Cells of human meninges co-express LLEC markers. ac DAB-IHC with single antibodies detects VEGFR3 (a), LYVE1 (b), and MRC1 (c) in the meninges of human post mortem brain showing no signs of neuropathology. These images are taken from a 38 year old male (sample P17/07, Table 1), and confirmed in n = 2 additional samples. P parenchyma. Scale = 150 µm (a); 40 µm (b); and 20 µm (c). df DAB-IHC with single antibodies detects VEGFR3 (b), LYVE1 (c), and MRC1 (d) in elderly human meninges (age: 89–92) with evidence of neuropathology and confirmed in n = 3 brains (Table 1). P, parenchyma. Scale = 20 µm. g–p IHC with fluorescent antibodies detects human meningeal cells that co-express MRC1 (h, m, yellow), LYVE1 (i, n, white), and VEGFR3 (j, o, green). Nuclei/RNA are labelled with DAPI (g, l, blue) and images are merged in (k, p). Scale = 10 µm

To determine if the cells in the pia and subarachnoid space that express lymphatic markers represent LLECs, we performed triple-labelling fluorescent IHC on post-mortem human brain tissue for MRC1, LYVE1, and VEGFR3. We found several examples of these three LLEC markers co-expressed in the same leptomeningeal cells (Fig. 7g–p and Supplementary Video 3). To emphasize the spatial locations of LLECs relative to vessels and each other and to more clearly make out their morphological features, we used the Imaris imaging software to make 3-D reconstructions from the serial confocal images of the leptomeningeal human post-mortem tissue (Supplemental Fig. 5e–h). Consistent with LLECs in zebrafish and mouse, a subset of triple-positive cells were closely associated with vessels within the leptomeningeal layer, while their cell bodies remained outside of the vascular basement membrane. Morphologically, these cells were similar to zebrafish and mouse BLECs, with long, thin processes near blood vessels. Several of these processes formed unusual loop-like structures of unknown functional significance that were also a common morphological feature observed in zebrafish BLECs (Supplementary Fig. 8).

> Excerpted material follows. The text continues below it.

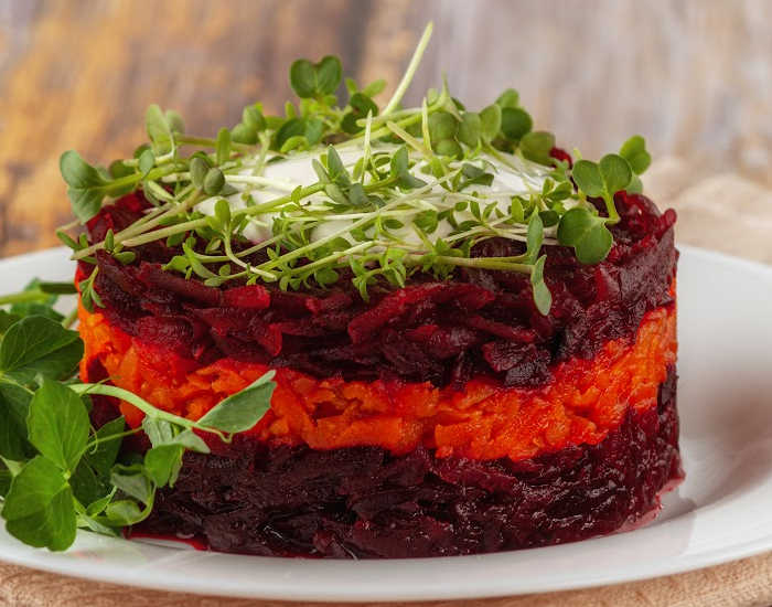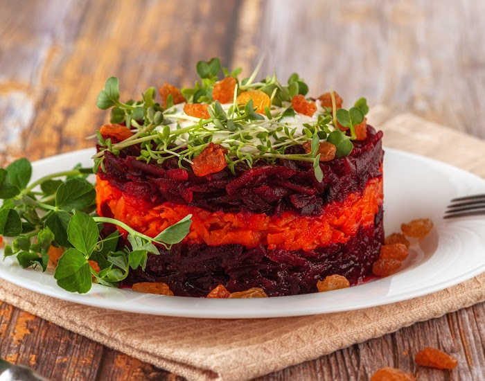 - In a large bowl, mix together the grated beets and carrots.

Taken together, the co-expression of three lymphatic markers in subarachnoid cells with a distinctive morphological character supports the existence of LLECs in human leptomeninges.

Discussion

BLECs were originally described as a non-lumenized endocytic cell type of lymphatic developmental origin and molecular expression that resides in the zebrafish meninges [11, 36, 66]. Here, we described LLECs, cells with similar molecular, ultrastructural, developmental, and functional characteristics as BLECs in both mouse and human leptomeninges. The location and functional properties of LLECs indicate potential role(s) for these cells in the immunological organization of this meningeal compartment and in the regulation of CSF protein homeostasis.

LLECs are distinct from other known cell types

We provide evidence that zebrafish BLECs have an equivalent cell type in both mouse and humans that we have named LLECs. Do LLECs represent a unique cell type? Although cells expressing the lymphatic markers of BLECs have not to our knowledge been previously described in the leptomeninges, there are three other meningeal cells types that share at least a few LLEC features, including Mato Cells/FGPs, meningeal macrophages, and telocytes [8, 16, 40]. We consider whether LLECs are equivalent to, or a subpopulation of, each of these cell types in turn.

Mato cells/FGPs

One of the initial characterizations of zebrafish BLECs suggested these were the fish homolog of Mato Cells/FGPs mainly based on the presence of large, auto-fluorescent inclusions [66]. However, we have been unable to identify auto-fluorescent inclusions in either zebrafish or mouse, suggesting that auto-fluorescence is not a consistent feature of BLECs, perhaps reflecting dietary differences affecting lipid content within such inclusions [42]. Additionally, ultrastructural analysis of Mato Cells/FGPs has described the inclusions as more heterogeneous in size and shape, with many taking on a foamy appearance. In contrast, immuno-EM labelled BLECs in both fish and LLECs in mice contain mostly large, round, uniformly electron-dense inclusions (Fig. 2b), with some neighbouring cells more closely resembling FGPs (Fig. 2e–g). Finally, FGPs are described as positioned between the smooth muscle cells and the glia limitans [42], whereas BLECs in zebrafish and LLECs in mice remain external to vascular basement membranes (Fig. 2a, b) [36]. Although we cannot rule out the possibility that LLECs are a subpopulation of Mato Cells/FGPs, perhaps one that has dynamically changed in response to unknown cues, our data indicate that Mato Cells and LLECs are distinct cell types in the vertebrate meninges.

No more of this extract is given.